### Exercise
Restate the listing below word for word; no picture is to be carried over.

### Source data

- - -

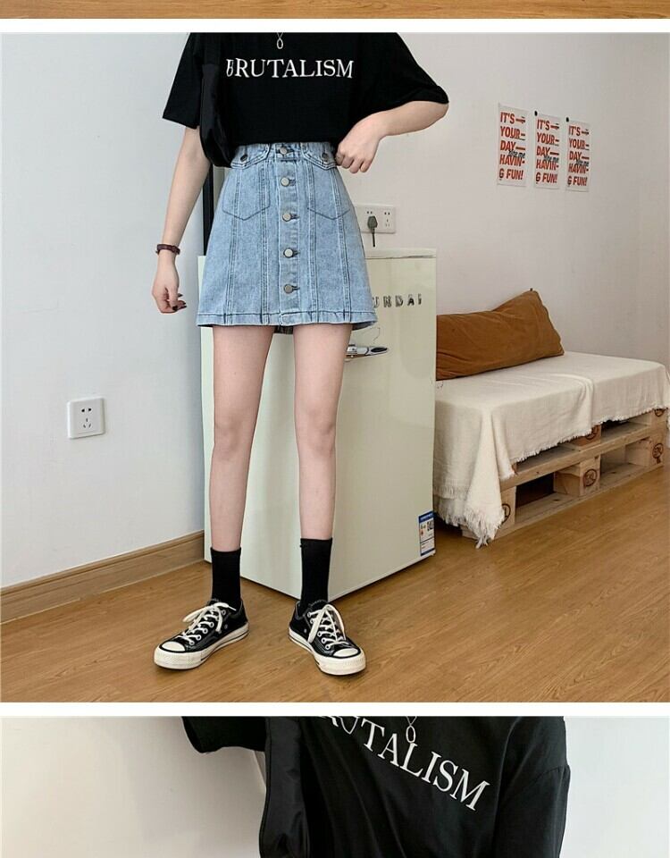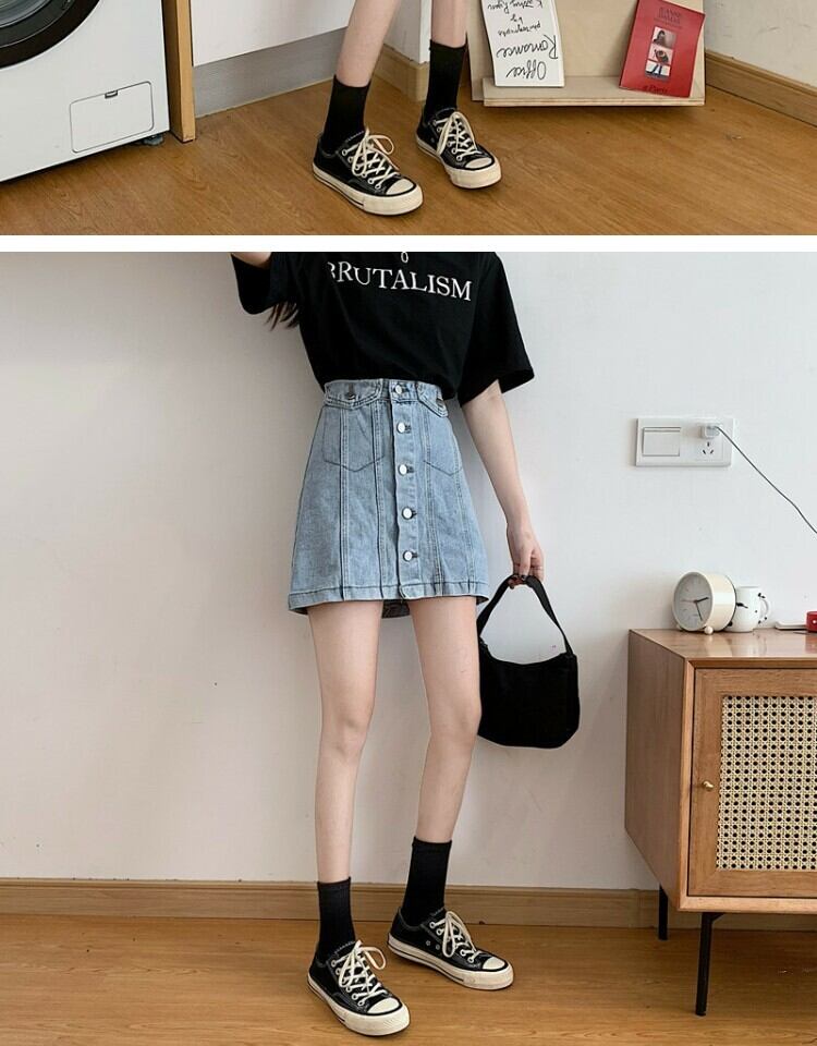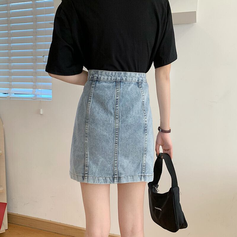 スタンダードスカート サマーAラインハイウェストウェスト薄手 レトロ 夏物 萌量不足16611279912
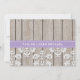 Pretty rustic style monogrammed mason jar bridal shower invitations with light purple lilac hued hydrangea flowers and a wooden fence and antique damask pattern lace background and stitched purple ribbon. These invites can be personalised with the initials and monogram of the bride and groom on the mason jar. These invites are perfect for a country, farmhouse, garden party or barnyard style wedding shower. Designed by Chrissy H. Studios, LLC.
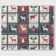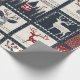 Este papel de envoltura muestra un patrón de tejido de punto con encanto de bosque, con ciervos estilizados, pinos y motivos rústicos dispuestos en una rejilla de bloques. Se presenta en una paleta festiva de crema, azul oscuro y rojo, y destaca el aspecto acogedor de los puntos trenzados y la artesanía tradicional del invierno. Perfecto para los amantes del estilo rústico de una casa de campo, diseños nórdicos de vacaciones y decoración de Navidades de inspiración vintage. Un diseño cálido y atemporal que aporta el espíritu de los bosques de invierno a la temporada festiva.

- - -

### Answer section
 スタンダードスカート サマーAラインハイウェストウェスト薄手 レトロ 夏物 萌量不足16611279912
 Pretty rustic style monogrammed mason jar bridal shower invitations with light purple lilac hued hydrangea flowers and a wooden fence and antique damask pattern lace background and stitched purple ribbon. These invites can be personalised with the initials and monogram of the bride and groom on the mason jar. These invites are perfect for a country, farmhouse, garden party or barnyard style wedding shower. Designed by Chrissy H. Studios, LLC.
 Este papel de envoltura muestra un patrón de tejido de punto con encanto de bosque, con ciervos estilizados, pinos y motivos rústicos dispuestos en una rejilla de bloques. Se presenta en una paleta festiva de crema, azul oscuro y rojo, y destaca el aspecto acogedor de los puntos trenzados y la artesanía tradicional del invierno. Perfecto para los amantes del estilo rústico de una casa de campo, diseños nórdicos de vacaciones y decoración de Navidades de inspiración vintage. Un diseño cálido y atemporal que aporta el espíritu de los bosques de invierno a la temporada festiva.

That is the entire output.